Give a verbatim copy of the lines below, minus the pictures.

======== AVAILABLE RECORDS

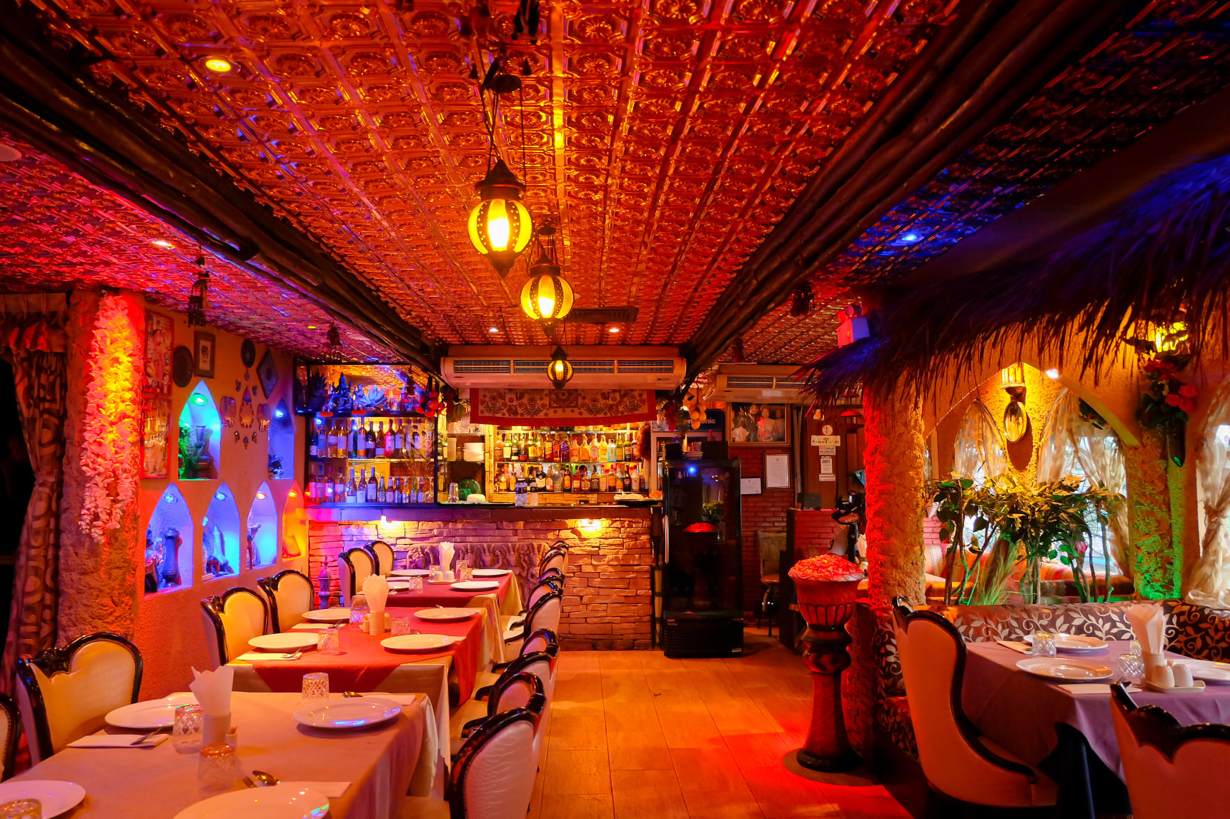 The name “Alibaba” was inspired by an Arabic folk tale about adventure and treasure caves. The restaurant was designed to resemble a treasure cave, filled with decorations collected from around the world, including items from their travels in Thailand, India, Morocco, Iran, and Iraq.
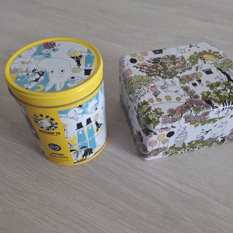 Sarja tyhjiä ja hyväkuntoisia peltirasioita, joissa myyty Fazerin muumikeksejä.
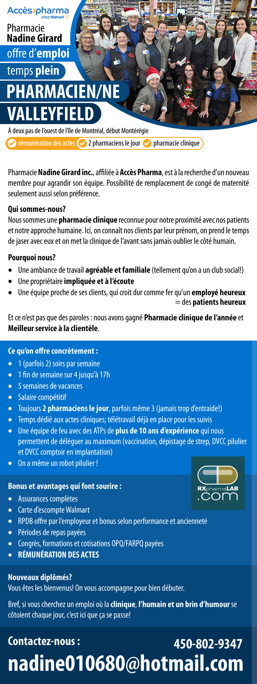 All images, posts, and other content created by THE SITE, as well as the components of the website, remain the exclusive intellectual property of THE SITE. It is prohibited to reproduce, exploit, redistribute, or use these elements, even partially. Advertising creations such as layouts and images used for ads remain the exclusive property of THE SITE. These elements cannot be altered in any way, and the logos of RXpharmaLAB, emploiSANTEquebec, and/or JobLynx.ca must remain visible. Clients are authorized to use and distribute the ads and promotional images only during the validity period for which they have paid.
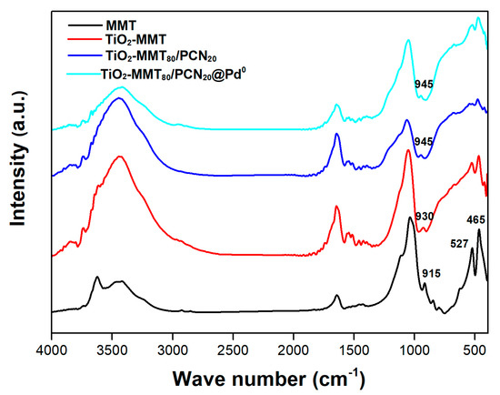 FTIR spectra of the MMT, TiO2-MMT, TiO2-MMT80/PCN20 support, and TiO2-MMT80/PCN20@Pd0 nanocomposites.
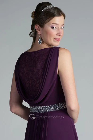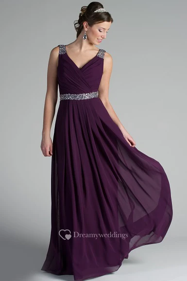 V Neck Back Dropping Chiffon Long Bridesmaid Dress With Crystal Straps And Waist
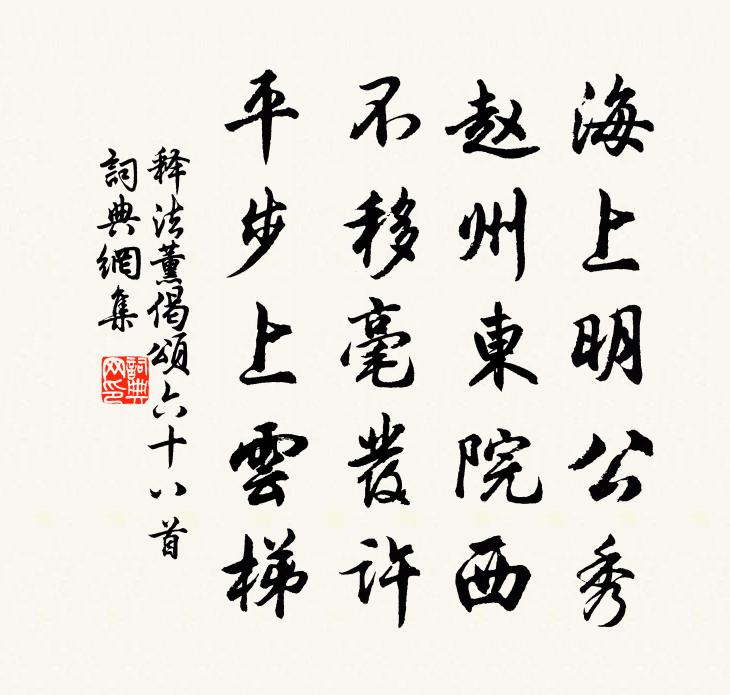 詩詞名句歷史字典書法欣賞書法字典國語詞典說文解字康熙字典古漢語字典標 題 作 者 詩 句 偈頌六十八首作者:釋法薰 朝代:宋代偈頌六十八首原文海上明公秀,趙州東院西。不移毫髮許,平步上雲梯。詩詞問答問:偈頌六十八首的作者是誰?答:釋法薰問:偈頌六十八首寫於哪個朝代?答:宋代釋法薰偈頌六十八首書法欣賞偈頌六十八首書法作品詩詞推薦皇甫岳雲溪雜題五首。鸕鶿堰王維〔唐代〕乍向紅蓮沒,復出清蒲颺。獨立何褵褷,銜魚古查上。桃源憶故人趙子發〔宋代〕芳菲已有東風露。寒著輕羅未去。午夜鸞車鶴馭。散入千蓮步。粉香度曲嬉遊女。草草相逢無據。腸斷淚零無數。挽松麓李僉判王義山〔宋代〕手拈老筆眇詞場,餘子如何敢頡頏。疑是前身真賀白,不然今世又蘇黃。片文落處人爭誦,一第欠於天取償。造物和張慶符題余作清江引圖胡銓〔宋代〕何人半醉眼花昏,畫出江南煙雨村。滿世庾塵遮不得,聊將醉墨洗乾坤。送人出使吳芾〔宋代〕驛騎駸駸犯露霜,定知遐俗喜生光。千官弩矢迎郊外,百姓壺漿夾道旁。要使遠謀安井邑,盡令諸將守封疆。更將菩薩蠻 山寺夏日韓奕〔元代〕重重樹杪高高閣。懸泉千尺檐前客。度夏愛僧居。一來慵下梯。睡余無氣力。坐數遙峰碧。閒詠不成詩。斜陽在澗偶和萬舍人中秋有月無客有酒無餚韻虞儔〔宋代〕積陰成久雨,浹日掩三辰。吏已疲祈禱,天方殺怒嗔。但愁雲似墨,那顧月如銀。磋負中秋約,嫦娥莫妒人。句李肱〔唐代〕水光先見月,露氣早知秋。祈雪翁逢龍〔宋代〕谷中草木幾經春,敕額猶存古隸文。千里耕桑安土俗,一爐香火奉山君。多留姓字溪邊石,慣見旌旗隴上雲。太守桔柏渡(在昭化縣)杜甫〔唐代〕青冥寒江渡,駕竹為長橋。竿濕煙漠漠,江永風蕭蕭。連笮動裊娜,征衣颯飄颻。急流鴇鷁散,絕岸黿鼉驕。西轅採蓮舟薛濤〔唐代〕風前一葉壓荷蕖,解報新秋又得魚。兔走烏馳人語靜,滿溪紅袂棹歌初。朝中措佚名〔宋代〕征雁不來無信,教人空度重陽。賦得寒雲輕重色,送子恂入京錢起〔唐代〕無限寒雲色,蒼茫淺更深。從龍如有瑞,捧日不成陰。積翠全低嶺,虛明半出林。帝鄉遙在目,鐵馬又駸駸。聽事望馬目山陸游〔宋代〕官身早暮不容閒,塵土堆胸媿滿顏。也有向人誇說處,坐衙常對水南山。商山路有感白居易〔唐代〕憶昨征還日,三人歸路同。此生都是夢,前事旋成空。杓直泉埋玉,虞平燭過風。唯殘樂天在,頭白向江東。題金沙王安石〔宋代〕海棠開後數金沙,高架層層吐絳葩。咫尺西城無力到,不知誰賞魏家花。偶書邵雍〔宋代〕美食無使饜,饜則不能受。善人無使倦,倦則不能久。官小拜人喜,官高拜人恥。官職自外來,中心何若此。招隱山觀玉蕊樹戲書即事奉寄江西沈大夫閣老李德裕〔唐代〕玉蕊天中樹,金閨昔共窺。落英閒舞雪,蜜葉乍低帷。舊賞煙霄遠,前歡歲月移。今來想顏色,還似憶瓊枝。楓橋寺張師中〔宋代〕吳門多精藍,此寺名尤古。距城七里餘,冠蓋日亭午。斜逕通采香,遠岫對棲虎。岩扉橫野橋,塔影落前浦。霜樓煙霞洞董嗣杲〔宋代〕萬色無如疊翠何,何僧鐫像屹嵯峨。山屏晴掩牌門杳,風鑰陰封梵屋多。象落鼻形懸洞右,佛垂手跡寄岩阿。燈輝名句推薦軍合力不齊,躊躇而雁行。曹操《蒿里行》 君子素其位而行,不願乎其外。子思《中庸·第十四章》 遠路應悲春晼晚,殘霄猶得夢依稀。李商隱《春雨》 春衫著破誰針線,點點行行淚痕滿。黃公紹《青玉案·年年社日停針線》 九衢雪小,千門月淡,元宵燈近。晁端禮《水龍吟·詠月》 聞說東風亦多情,被竹外、香留住。史達祖《留春令·詠梅花》 內外相應也,言行相稱韓非及後人《韓非子·解老》 柳絮風輕,梨花雨細。謝逸《踏莎行·柳絮風輕》 志,氣之帥也。孟子《孟子·公孫丑章句上·第二節》 莫等閒,白了少年頭,空悲切!岳飛《滿江紅·寫懷》
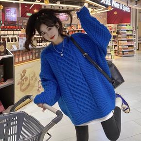 克莱因蓝毛衣秋冬2022新款慵懒风闺蜜装麻花加厚外...
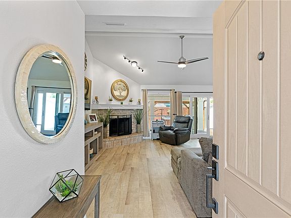 This listing presents a truly turnkey home! You'll find beautifully updated interior featuring; water-resistant, and scratch proof PERGO flooring, complemented by new baseboards and modern light fixtures and comes fully furnished! The kitchen has custom cabinets, Quartz counter-tops, and a suite of new Whirlpool Gold appliances, refrigerator included. Both bathrooms have been fully remodeled with new showers featuring glass sliding doors, updated plumbing, new sink basins, commodes and much more. The attention to detail extends to critical home systems and the outdoor living space. The interior and exterior HVAC unit is only a year old with brand new duct system as well as a new water heater installed in 2025. Moving beyond the core updates, this home offers exceptional convenience and comfort. The backyard and patio furnishing are designed for ultimate relaxation and entertainment. The TV over the hot tub, string lighting throughout, and under-patio recessed lighting, create a welcoming ambiance. It features a no-maintenance TREX Decking, a 6 person Jacuzzi Hot Tub under the gazebo, and the large storage shed conveys with the sale. The yard also includes a 5' x 10' grass area for dogs and a concrete side of the house for convenient boat/jet ski or other storage. You don't want to miss this opportunity! Call your preferred realtor for a showing today!
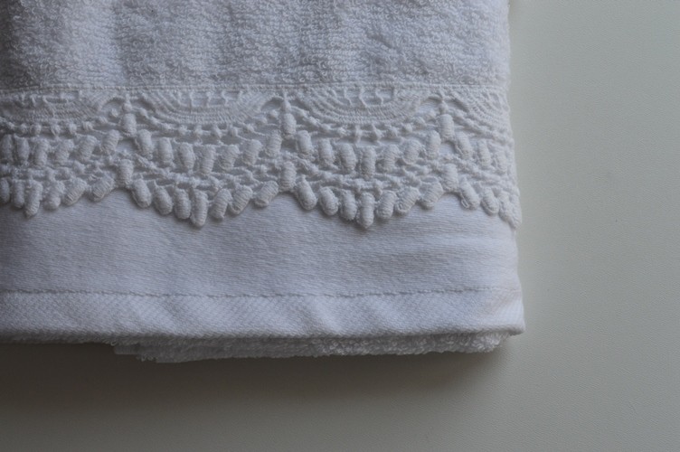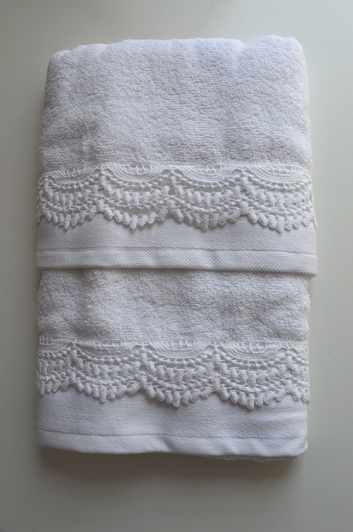 SET ASCIUGAMANI SPUGNA UNO PIU' UNO COLORE BIANCO CON PIZZO MACRAME ART MAIA
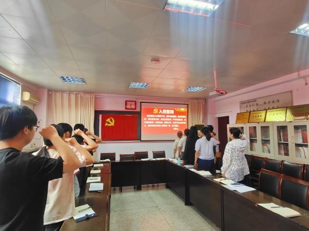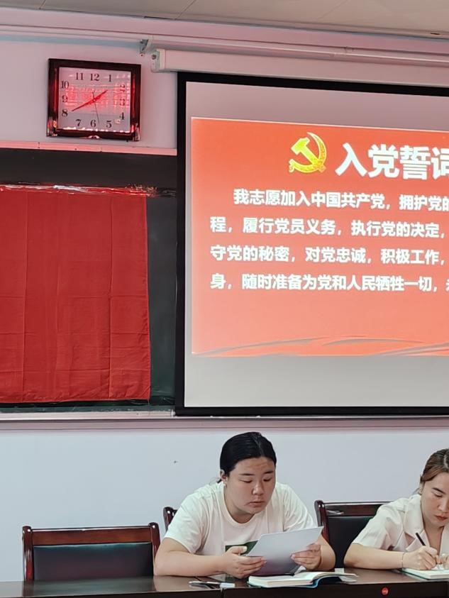 会议进行第五项:全体党员列队面向党旗,由组织委员赵鹏辉同志带领全体党员重温入党誓词。
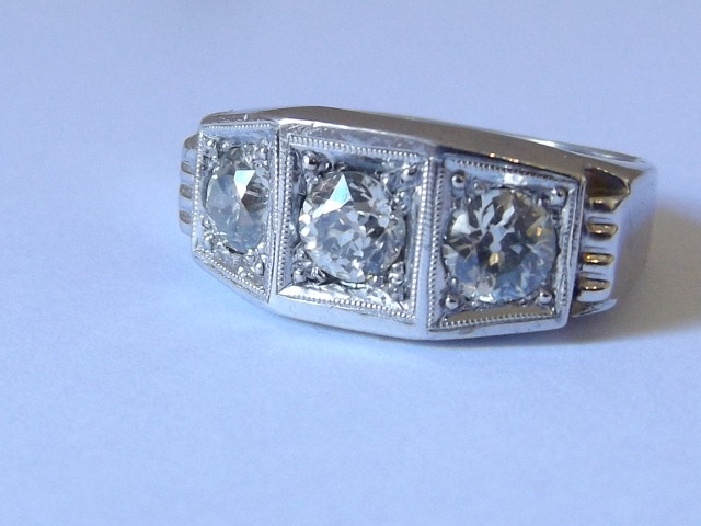 Stunning Heavy Art Deco 18ct White Gold 3 Stone 1.5ct Diamond Ring

================

ANSWER AREA »
 The name “Alibaba” was inspired by an Arabic folk tale about adventure and treasure caves. The restaurant was designed to resemble a treasure cave, filled with decorations collected from around the world, including items from their travels in Thailand, India, Morocco, Iran, and Iraq.
 Sarja tyhjiä ja hyväkuntoisia peltirasioita, joissa myyty Fazerin muumikeksejä.
 All images, posts, and other content created by THE SITE, as well as the components of the website, remain the exclusive intellectual property of THE SITE. It is prohibited to reproduce, exploit, redistribute, or use these elements, even partially. Advertising creations such as layouts and images used for ads remain the exclusive property of THE SITE. These elements cannot be altered in any way, and the logos of RXpharmaLAB, emploiSANTEquebec, and/or JobLynx.ca must remain visible. Clients are authorized to use and distribute the ads and promotional images only during the validity period for which they have paid.
 FTIR spectra of the MMT, TiO2-MMT, TiO2-MMT80/PCN20 support, and TiO2-MMT80/PCN20@Pd0 nanocomposites.
 V Neck Back Dropping Chiffon Long Bridesmaid Dress With Crystal Straps And Waist
 詩詞名句歷史字典書法欣賞書法字典國語詞典說文解字康熙字典古漢語字典標 題 作 者 詩 句 偈頌六十八首作者:釋法薰 朝代:宋代偈頌六十八首原文海上明公秀,趙州東院西。不移毫髮許,平步上雲梯。詩詞問答問:偈頌六十八首的作者是誰?答:釋法薰問:偈頌六十八首寫於哪個朝代?答:宋代釋法薰偈頌六十八首書法欣賞偈頌六十八首書法作品詩詞推薦皇甫岳雲溪雜題五首。鸕鶿堰王維〔唐代〕乍向紅蓮沒,復出清蒲颺。獨立何褵褷,銜魚古查上。桃源憶故人趙子發〔宋代〕芳菲已有東風露。寒著輕羅未去。午夜鸞車鶴馭。散入千蓮步。粉香度曲嬉遊女。草草相逢無據。腸斷淚零無數。挽松麓李僉判王義山〔宋代〕手拈老筆眇詞場,餘子如何敢頡頏。疑是前身真賀白,不然今世又蘇黃。片文落處人爭誦,一第欠於天取償。造物和張慶符題余作清江引圖胡銓〔宋代〕何人半醉眼花昏,畫出江南煙雨村。滿世庾塵遮不得,聊將醉墨洗乾坤。送人出使吳芾〔宋代〕驛騎駸駸犯露霜,定知遐俗喜生光。千官弩矢迎郊外,百姓壺漿夾道旁。要使遠謀安井邑,盡令諸將守封疆。更將菩薩蠻 山寺夏日韓奕〔元代〕重重樹杪高高閣。懸泉千尺檐前客。度夏愛僧居。一來慵下梯。睡余無氣力。坐數遙峰碧。閒詠不成詩。斜陽在澗偶和萬舍人中秋有月無客有酒無餚韻虞儔〔宋代〕積陰成久雨,浹日掩三辰。吏已疲祈禱,天方殺怒嗔。但愁雲似墨,那顧月如銀。磋負中秋約,嫦娥莫妒人。句李肱〔唐代〕水光先見月,露氣早知秋。祈雪翁逢龍〔宋代〕谷中草木幾經春,敕額猶存古隸文。千里耕桑安土俗,一爐香火奉山君。多留姓字溪邊石,慣見旌旗隴上雲。太守桔柏渡(在昭化縣)杜甫〔唐代〕青冥寒江渡,駕竹為長橋。竿濕煙漠漠,江永風蕭蕭。連笮動裊娜,征衣颯飄颻。急流鴇鷁散,絕岸黿鼉驕。西轅採蓮舟薛濤〔唐代〕風前一葉壓荷蕖,解報新秋又得魚。兔走烏馳人語靜,滿溪紅袂棹歌初。朝中措佚名〔宋代〕征雁不來無信,教人空度重陽。賦得寒雲輕重色,送子恂入京錢起〔唐代〕無限寒雲色,蒼茫淺更深。從龍如有瑞,捧日不成陰。積翠全低嶺,虛明半出林。帝鄉遙在目,鐵馬又駸駸。聽事望馬目山陸游〔宋代〕官身早暮不容閒,塵土堆胸媿滿顏。也有向人誇說處,坐衙常對水南山。商山路有感白居易〔唐代〕憶昨征還日,三人歸路同。此生都是夢,前事旋成空。杓直泉埋玉,虞平燭過風。唯殘樂天在,頭白向江東。題金沙王安石〔宋代〕海棠開後數金沙,高架層層吐絳葩。咫尺西城無力到,不知誰賞魏家花。偶書邵雍〔宋代〕美食無使饜,饜則不能受。善人無使倦,倦則不能久。官小拜人喜,官高拜人恥。官職自外來,中心何若此。招隱山觀玉蕊樹戲書即事奉寄江西沈大夫閣老李德裕〔唐代〕玉蕊天中樹,金閨昔共窺。落英閒舞雪,蜜葉乍低帷。舊賞煙霄遠,前歡歲月移。今來想顏色,還似憶瓊枝。楓橋寺張師中〔宋代〕吳門多精藍,此寺名尤古。距城七里餘,冠蓋日亭午。斜逕通采香,遠岫對棲虎。岩扉橫野橋,塔影落前浦。霜樓煙霞洞董嗣杲〔宋代〕萬色無如疊翠何,何僧鐫像屹嵯峨。山屏晴掩牌門杳,風鑰陰封梵屋多。象落鼻形懸洞右,佛垂手跡寄岩阿。燈輝名句推薦軍合力不齊,躊躇而雁行。曹操《蒿里行》 君子素其位而行,不願乎其外。子思《中庸·第十四章》 遠路應悲春晼晚,殘霄猶得夢依稀。李商隱《春雨》 春衫著破誰針線,點點行行淚痕滿。黃公紹《青玉案·年年社日停針線》 九衢雪小,千門月淡,元宵燈近。晁端禮《水龍吟·詠月》 聞說東風亦多情,被竹外、香留住。史達祖《留春令·詠梅花》 內外相應也,言行相稱韓非及後人《韓非子·解老》 柳絮風輕,梨花雨細。謝逸《踏莎行·柳絮風輕》 志,氣之帥也。孟子《孟子·公孫丑章句上·第二節》 莫等閒,白了少年頭,空悲切!岳飛《滿江紅·寫懷》
 克莱因蓝毛衣秋冬2022新款慵懒风闺蜜装麻花加厚外...
 This listing presents a truly turnkey home! You'll find beautifully updated interior featuring; water-resistant, and scratch proof PERGO flooring, complemented by new baseboards and modern light fixtures and comes fully furnished! The kitchen has custom cabinets, Quartz counter-tops, and a suite of new Whirlpool Gold appliances, refrigerator included. Both bathrooms have been fully remodeled with new showers featuring glass sliding doors, updated plumbing, new sink basins, commodes and much more. The attention to detail extends to critical home systems and the outdoor living space. The interior and exterior HVAC unit is only a year old with brand new duct system as well as a new water heater installed in 2025. Moving beyond the core updates, this home offers exceptional convenience and comfort. The backyard and patio furnishing are designed for ultimate relaxation and entertainment. The TV over the hot tub, string lighting throughout, and under-patio recessed lighting, create a welcoming ambiance. It features a no-maintenance TREX Decking, a 6 person Jacuzzi Hot Tub under the gazebo, and the large storage shed conveys with the sale. The yard also includes a 5' x 10' grass area for dogs and a concrete side of the house for convenient boat/jet ski or other storage. You don't want to miss this opportunity! Call your preferred realtor for a showing today!
 SET ASCIUGAMANI SPUGNA UNO PIU' UNO COLORE BIANCO CON PIZZO MACRAME ART MAIA
 会议进行第五项:全体党员列队面向党旗,由组织委员赵鹏辉同志带领全体党员重温入党誓词。
 Stunning Heavy Art Deco 18ct White Gold 3 Stone 1.5ct Diamond Ring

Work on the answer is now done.